I am working on a service which stores meta data for a collection of files.

There is one document per file in the database. Each document has a field “sha256” which is the sha256 hash of the file. This field might be null for some documents (project requirement, unfortunately this cannot be changed). If the field is set to a value other than null, then it must be unique.

A solution for this requirement is a unique index with a partial filter expression {"sha256": {"$type": "string"}}. This works as intended.

One problem I have is, that this index is never used for queries. My solution for this is to add another index on the same field as hashed index.

The current solution works. It is not possible to add sha256 duplicates, it is possible to add sha256 null values and it is possible to query for a sha256 value while utilizing an index.

As this database is getting bigger and bigger, my problem is the cost of storing the indexes twice. The unique partial index is 68GB, the hashed index is 14GB.

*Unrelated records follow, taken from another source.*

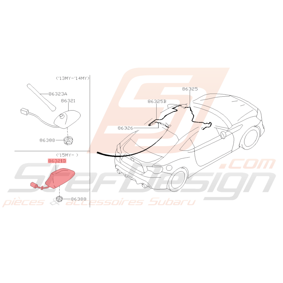 Antenne Requin pour Subaru BRZ de 2015 à 2017.
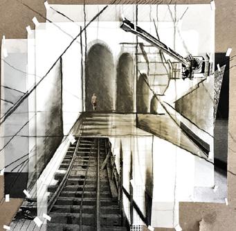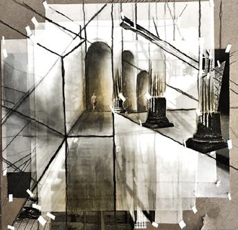 This is where I was inspired to no longer crumble or erase when my sketch wasn’t “just right;” to continue drawing over top, or next to the original. This process created a visual narrative of the basilica starting from the current interior perspective evolving into the ancient columns visible within the walls.
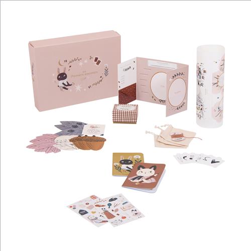 Tutti i tuoi primi ricordi, raccolti in una scatola illustrata. Piccoli quaderni, immagini da distribuire, adesivi, borse di stoffa o scatole del tesoro e persino un poster con il tuo albero genealogico… Tutto si riunisce e può essere riposto con cura.
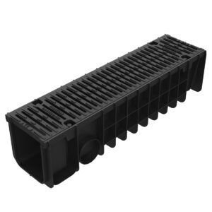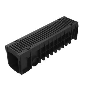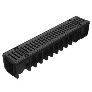 Conjunto de grelha e canal para recolher água da chuva e conduzi-la ao sistema de evacuação. Fabricado em material compósito.
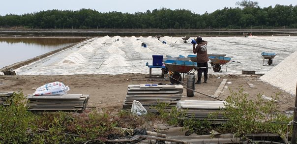 It was worth it as it was a relief to get onto a quiet side road-but bizarrely it seemed even hotter. The landscape was flat and featureless and what I initially took to be paddy fields were in fact salt flats.
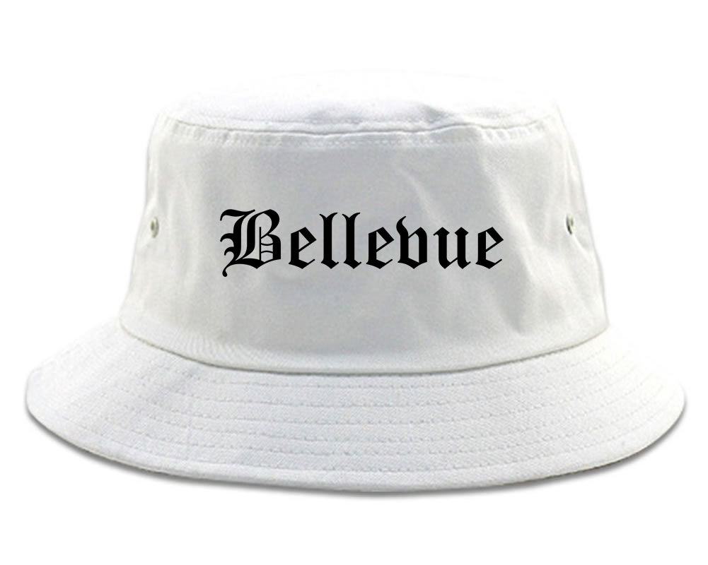 Bellevue Wisconsin WI Old English Mens Bucket Hat printed by Urban Gear. Rep your city or town in one of our hats for your state.
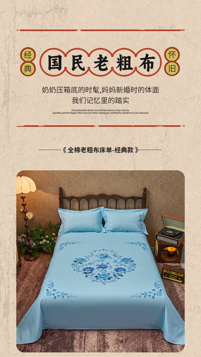 春皖家纺 2026新款老上海A类国民全棉老粗布床单怀旧经典粗布床单(提供买家秀) 锦花-蓝
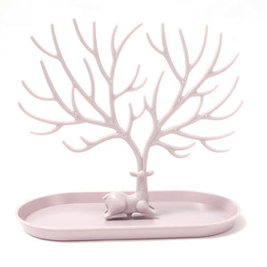 Vibe Geeks Antlers Tree Tower Jewelry Display Stand for Ring Earrings Necklace Bracelet - Pink Basic Model
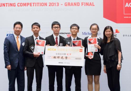 本网讯 2013 ACCA(特许公认会计师公会)就业力大比拼全国总决赛于暑假期间在上海成功举办,从全国各高校四百多支队伍中脱颖而出的八支队伍在总决赛中一决高下。经过激烈角逐,我校财经学院2011级四位ACCA班学子傅鸿鹏、杨雪、林东阳和黄骏鹏凭借出色的表现一举夺得全国总冠军,而来自暨南大学和上海财经大学的代表队则分获亚军和季军。
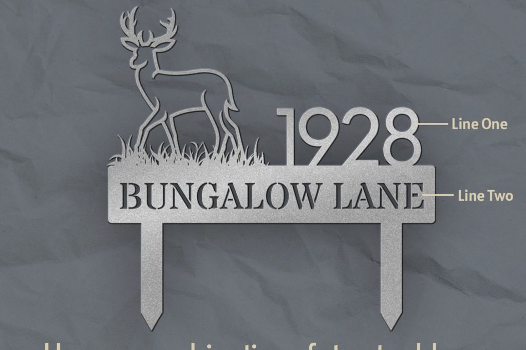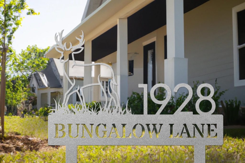 Elevate your outdoor space with our exquisite steel lawn address signs, seamlessly blending nature-inspired designs with functional elegance. At One Bungalow Lane, we take pride in our craftsmanship and personalized charm. Whether displaying your address, family name, or a combination of both, our signs infuse a unique touch into your abode.

Is there any way to optimize this in terms of storage? To me it seems unefficient to index one field twice.

Thank your for your help in advance!

why? did you add unique constraint somewhere?
And a hashed index can’t be unique.

Maybe you are looking for this.

You would have to have a query filter matching the query filter or hint(really try to avoid hints) to use the existing index.

I would suggest NOT inserting a null value to the sha256 field. And then instead use a unique partial index of {sha256:{$exists:1}}

The missing field is implicitly null when queried for or projected.

You could also save a few bytes by storing the hash as a binary object as the digest is inherently binary, but possibly not worth the application changes:

test> doca
{
  sha256: 'afba684fd0fa05fd48fea823aa891af26c4072d02a914a6c8c6ae2c0a6436f8a'
}
test> bsonsize(doca)
82
test> docb
{
  sha256: Binary(Buffer.from("afba684fd0fa05fd48fea823aa891af26c4072d02a914a6c8c6ae2c0a6436f8a", "hex"), 0)
}
test> bsonsize(docb)
50


1 Like

Thank you very much for your input!

Changing the partial index to {sha256:{$exists:1}} sounds like a reasonable change. I will definitely try this.

Furthermore, thanks for the hint to store hashes as binary. The collection is quite large, so even small improvements have a large impact.

Thanks again. I will report if the changes were a success, once I am done.

1 Like